As the mid-point of the summer has passed, it’s the perfect time to think about ways to connect with people to learn about their careers, organizations, positions, and gain useful information in your future job and internship searches.  If you are currently interning this summer, reflect on how the internship provides practice, experience, training, and skills.  Informational interviews are conversations that provide an opportunity to gather information, establish connections, and allow you to share information about yourself in order to achieve your career goals.  Some key tips to remember:

  • Reach out to potential contacts via email.  In the email, remember to explain how you found their name (both LinkedIn and Quakernet are valuable resources for finding alumni), introduce yourself, and ask if you could schedule a time to speak with them about their career path.
  • Come prepared with questions to ask during the informational interview/conversation!  Check out this list of:  sample informational interview questions
  • Informational interviews focus on various topics such as:
    • Preparing for a career in this field
    • Particular organization/company the person works for
    • The person’s current job
    • The person’s future career goals/steps
    • Prior experience and preparation
    • Lifestyle/Expectations
    • Factors taken into consideration for hiring decisions
    • Referral to other contacts
  • It’s important that you do NOT ask for a job/internship.  You are welcome to mention that you are conducting a job/internship search by asking general questions and seeking advice about how to best approach the process.
  • When setting up the informational interview, plan to allocate no more than 30 minutes.  Remember that they are busy individuals offering to share their time and expertise with you so it’s important to be respectful of their time.
  • Lastly, always send a thank you email to your contact.  This allows you to show your appreciation and they might be able to assist you in the future especially if an opportunity arises at their particular company or if they know of another opportunity within their network of contacts.

Feel free to further discuss informational interviewing with an advisor in Career Services.  We’re happy to help you, and enjoy the rest of your summer!

Replenish: Taming Overwhelm in the Job Search and Beyond

by Sharon Fleshman

Career decision-making, the job search, and even starting a new job can be a bit overwhelming, so making room for replenishing is a great habit to start (or strengthen). To that end, here are three questions to ask yourself as you move toward your next semester or phase of life:

Who and what brings me positive energy and joy?
Answering this question is a good way to make sure that you can be intentional about including life-giving people and activities in your day-to-day life.
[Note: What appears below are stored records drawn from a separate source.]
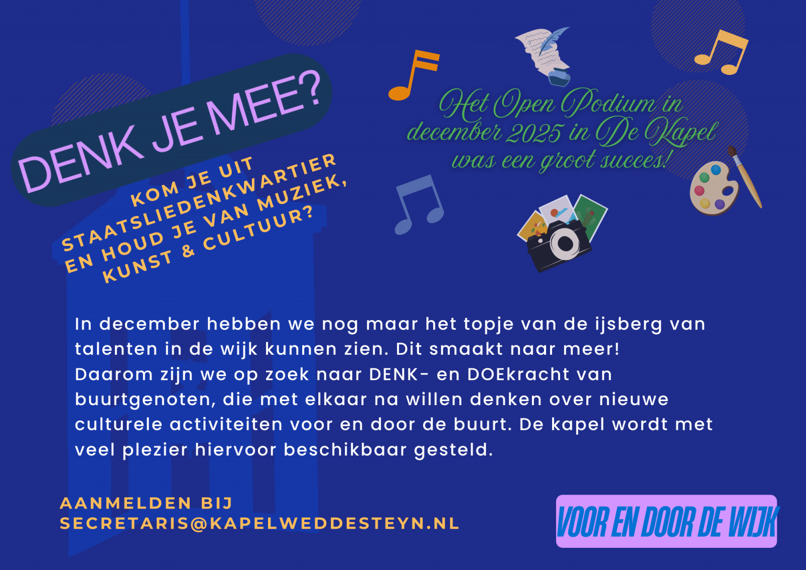 26/03/2026 - Het Open Podium op 12 december 2025 in Kapel Weddesteyn was een groot succes. En juist omdat dit de eerste keer was, heeft het aanbod ons positief verrast!
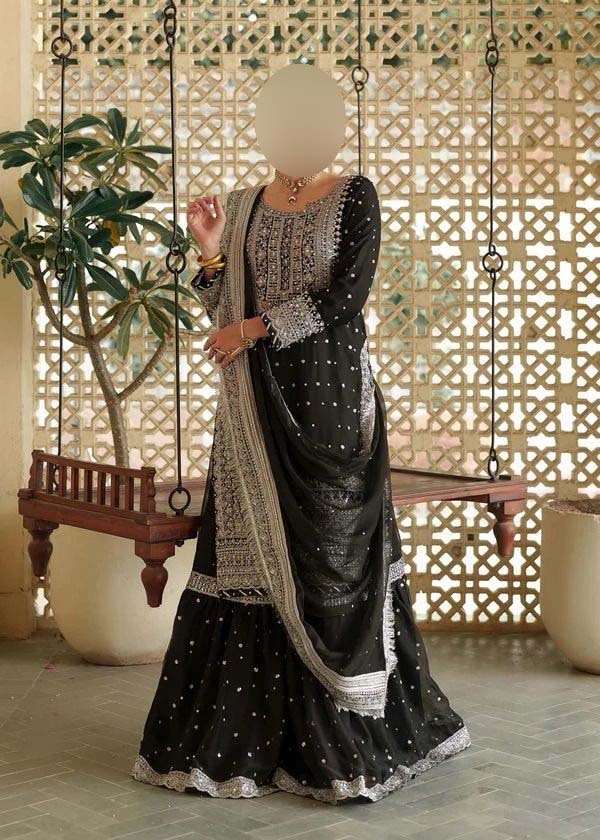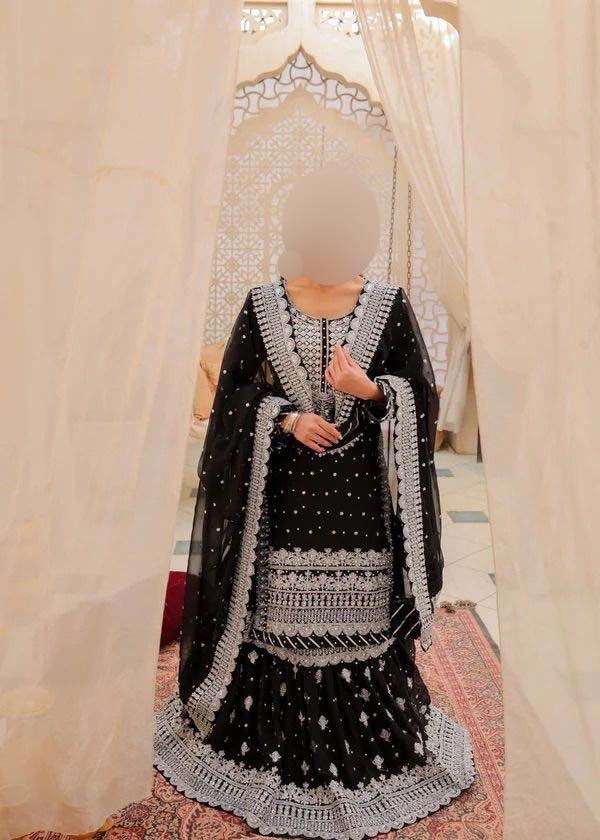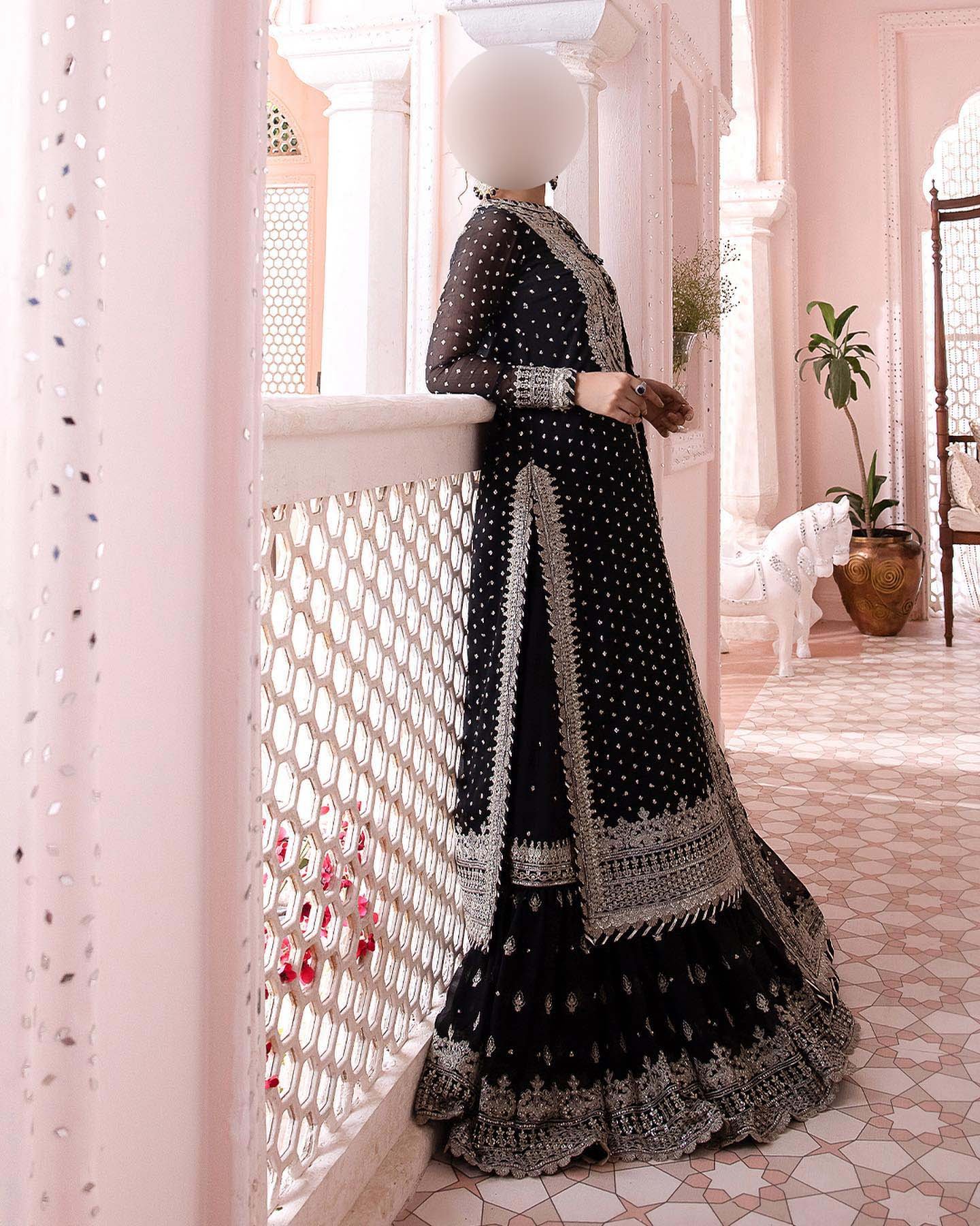 • Chiffon fully embroidered spengle work back featuring heavy embroidered bunch, daman border, and back chak lace.
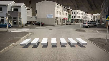 Ísafjörður tiene unos 3.000 habitantes y la casa más antigua de Islandia. Desde el jueves pasado esta pequeña ciudad pesquera, capital de la región de los Fiordos del Noroeste, tiene además de sus pintorescas casitas de madera, una nueva atracción turística: un paso de cebra cuyas barras, gracias a un efecto óptico, parecen flotar tridimensionales sobre la calzada. La idea es que al verlo los conductores frenarán. El efecto inmediato es que un anodino cruce de Ísafjörður se ha hecho famoso.
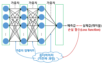 - 손실함수를 최소화하기 위하여 반복적으로 파라미터를 조정해나가는 방법
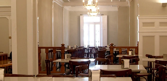 "More colorful majolica tiles adorn the elegant main dining room, where perfectly coiffed matrons sit chatting while they dip long donuts called (we're not kidding) fartons into their horchata."
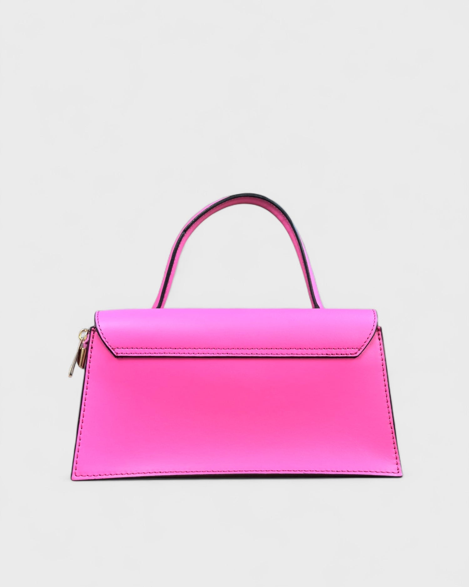 Petit sac en cuir rose vif de la marque Luana Ferracuti, au design structuré et moderne. Il se porte à la main ou à l'épaule grâce à sa bandoulière amovible. Fermeture à rabat avec bouton magnétique, intérieur doublé en suédine rose et compartiment zippé. Finitions soignées avec détails dorés. Un accessoire chic et audacieux, parfait pour apporter une touche de couleur à vos tenues.
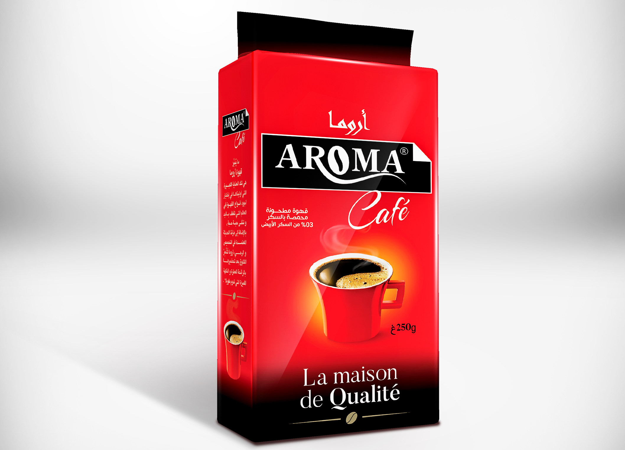 Café parfait torréfié avec soin pour les plus beaux moments de la matinée Commencez votre journée avec le merveilleux goût du café Aroma. Ce café est préparé à partir de grains de café soigneusement sélectionnés qui ont été torréfiés sous la supervision d'experts pour vous donner le goût distinctif et la saveur riche que vous aimez.
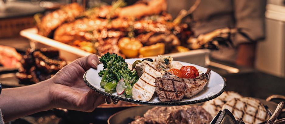 저녁 뷔페는 고급 해산물 요리와 스테이크, 수입 치즈, 고급 디저트까지 한 자리에서 즐길 수 있어요.
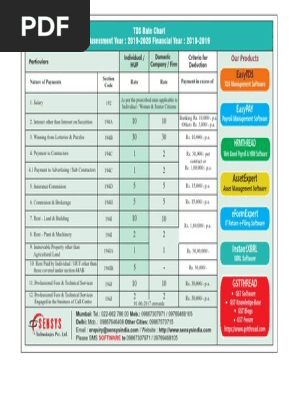 Latest Tax Deducted At Source Tds Rate Chart For Ay 2020 21 In Pdf Fy 2019 20
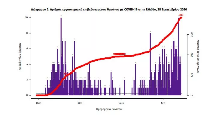 Ο συνολικός αριθμός των κρουσμάτων ανέρχεται σε 17707 (ημερήσια μεταβολή +1.5%), εκ των οποίων 55.9% άνδρες. 1 Οι νέοι θάνατοι ασθενών με COVID-19 είναι 4, ενώ από την έναρξη της επιδημίας έχουν καταγραφεί συνολικά 383 θάνατοι.Η διάμεση ηλικία των ασθενών που απεβίωσαν είναι 78 έτη. Ο αριθμός των ασθενών που νοσηλεύονται διασωληνωμένοι είναι 73 (76.7% άνδρες).
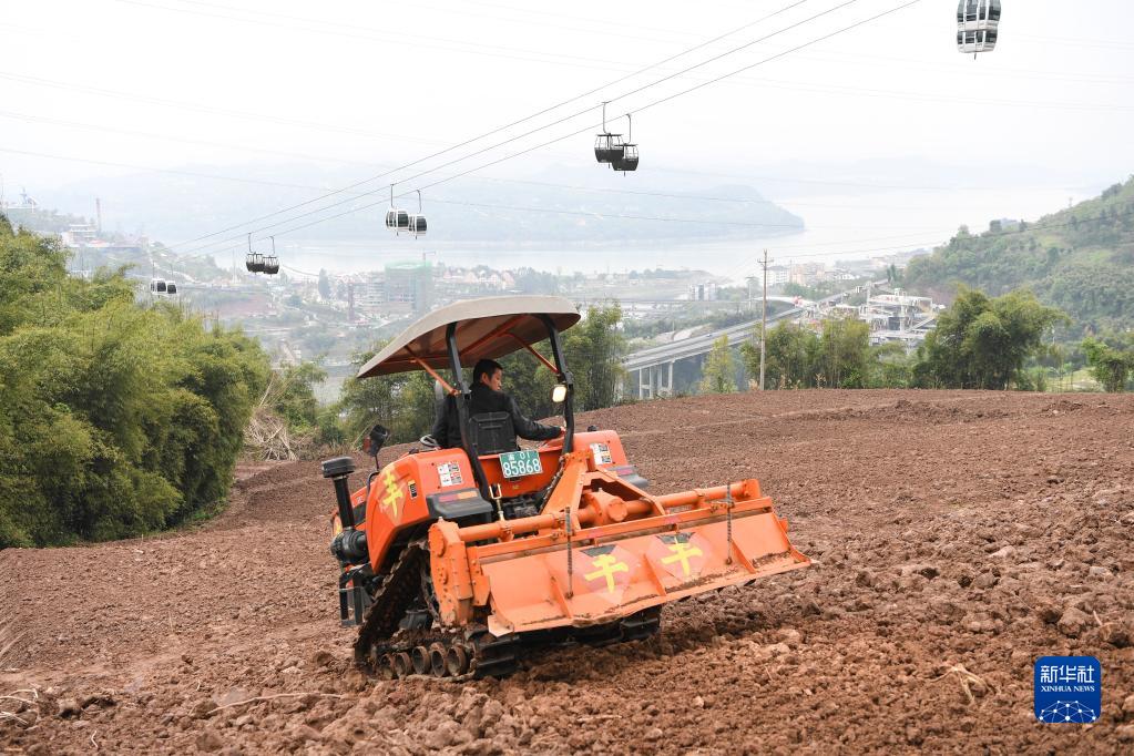 3月23日,在重慶涪陵美心紅酒小鎮泡桐村生態(tài)農業(yè)旅游示范區,村民在葡萄種植基地內駕駛農業(yè)機械勞作。

It can also give you clues for finding a good career fit.

What am I noticing about myself right now?
This question can help you to assess how you are feeling and showing up. Any concerns about what you notice can pave the way for helpful interventions, whether quick ones such as deep breathing or calling a friend, or more long-term ones such as attending a mindfulness program or counseling.  Don’t forget to take the time to notice and celebrate the positive as well. 

What is my strategy for self-care?
Even with the most rewarding work, having a plan for replenishing is necessary.  Self-care can encompass many areas of your life (e.g., physical, emotional, relational, spiritual, etc.) so you will want to be holistic in your strategy.

Feel free to connect with a Career Services advisor to discuss how your answers to these questions relate to your job search or other career planning activities.  We also have a list of self-management and personal wellness reflection questions on our website.  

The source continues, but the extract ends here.